For incident users of FreeStyle Libre with T2DM, the NDR data reveal a significant association between FreeStyle Libre use after the index date and reductions in laboratory measured HbA1c. There was an observed decrease in HbA1c across the total incident population of −0.5%-unit at 6 months which was maintained at 12 months. Within the incident user group with T2DM, those truly naïve to prior use of CGM experienced reductions in HbA1c of −0.67%-unit at 6 months and −0.66%-unit at 12 months. People with unknown prior use of CGM also achieved reductions in HbA1c, both at 6 months (−0.43%-unit) and at 12 months (−0.49%-unit). This significant but lower reduction compared to truly naïve users is arguably because of the presence in this group a significant proportion of people with no previous experience of CGM. This is supported by the observation that the group of incident users with documented prior experience of CGM did not experience a significant change in HbA1c at either timepoint (Figure 1). However, it must be noted that the user group with prior experience of CGM is a small proportion (<7%) of the total incident user population at both timepoints. These significant reductions in HbA1c observed in T2DM in our study are comparable with those previously reported in smaller-scale RCTs and real-world studies for adults treated on insulin or non-insulin therapy, who have no documented prior experience of flash glucose monitoring.^8,9,11

Truly naïve users with T2DM on insulin treatment will benefit from using the system as a result of the technical and psychological support that comes from short-term and longer-term awareness of trends in their daily glucose levels, allied to the immediate feedback that they get about impending hypoglycemia or prandial excursions.^14,15 Some of the users with unknown prior use of CGM will see the same benefit, as they will in reality also be naïve. Others in this group will have prior undocumented experience with CGM and can have developed behaviors that aid in improved daily glucose control, independent of the device itself.

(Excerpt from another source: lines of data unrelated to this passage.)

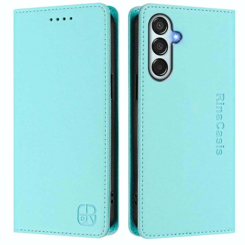For Samsung Galaxy M35 5G RC01 Dual-Folded Magnetic Suction RFID Leather Phone Case(Mint Green)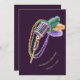 Get ready for the 2026 Mardi Gras season with this elegant and soulful jazz-themed invitation! This design features a stunning watercolor vintage microphone adorned with traditional purple, green, and gold beads and festive feathers. Set against a deep royal purple background, it perfectly captures the spirit of a New Orleans French Quarter night.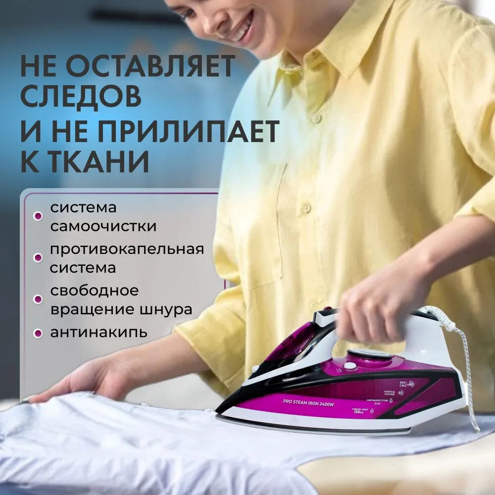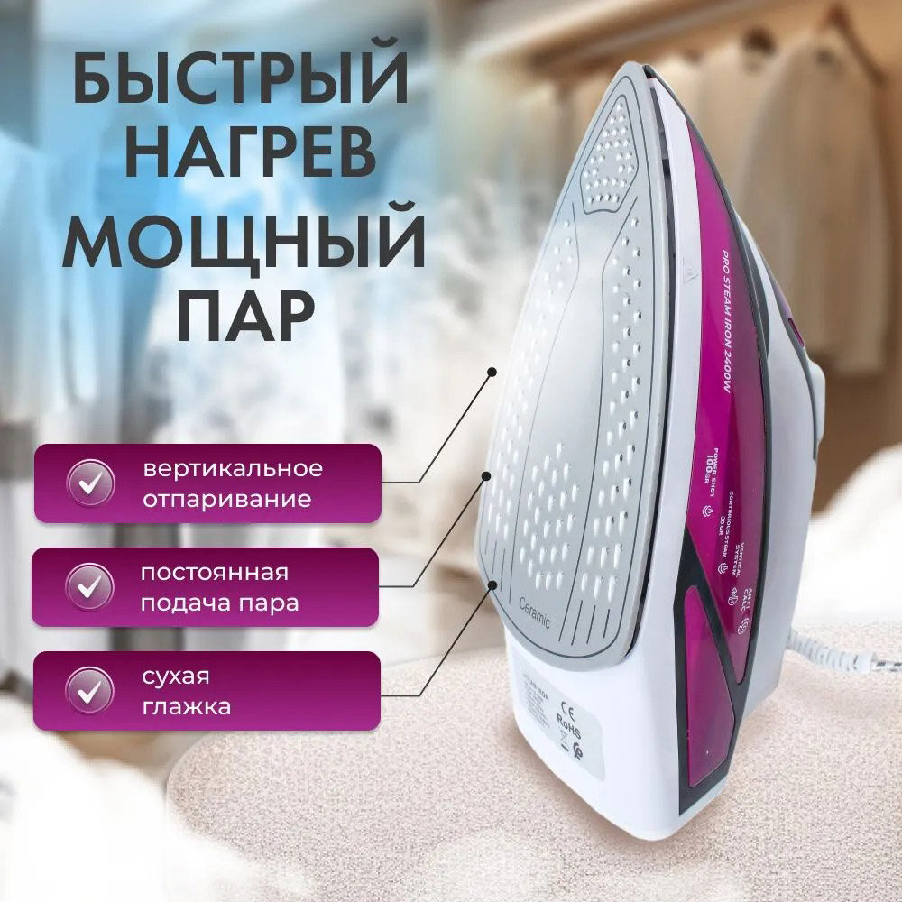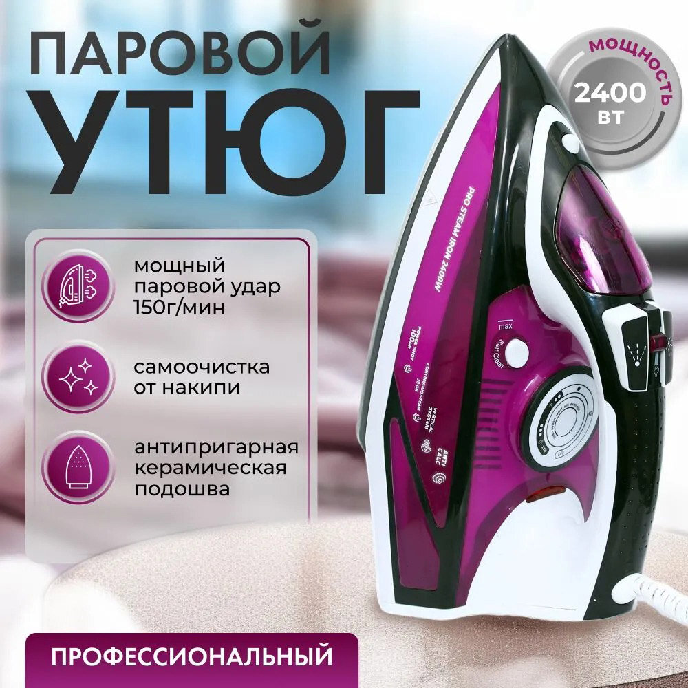 Домашний утюг паровой, с функцией вертикальной глажки, паровой удар, антипригарное покрытие, система самоочистки, 2600ВТ

The value of good glucose-control behaviors independent of the application of FreeStyle Libre is also supported by the data on HbA1c change observed for the separate groups of users stratified by baseline HbA1c prior to the index date (Table 4) and insulin use status. Incident users of the FreeStyle Libre system with better initial control, as evidenced by baseline HbA1c <8.0%, did not achieved any significant change 6 months after the index date, irrespective of their insulin or non-insulin treatment status. It is possible that the glycemic control objective for this group is focused on avoiding hypoglycemia whilst maintaining their HbA1c, rather than reducing it further. In our study, reductions in HbA1c at 6 months after the index date were more notable for incident users with higher starting baseline values ≥8.0% and greatest for those with HbA1c ≥12.0%. These observations are in line with smaller real-world studies indicating that the degree of change in HbA1c for people with diabetes using the FreeStyle Libre system is directly correlated with baseline HbA1c in T2DM.^8,9,16 It is clear from our data that significant reductions in HbA1c across the total population of incident users at 6 months after the FreeStyle Libre index date are driven by substantial reductions in those individuals with higher baseline HbA1c measurements.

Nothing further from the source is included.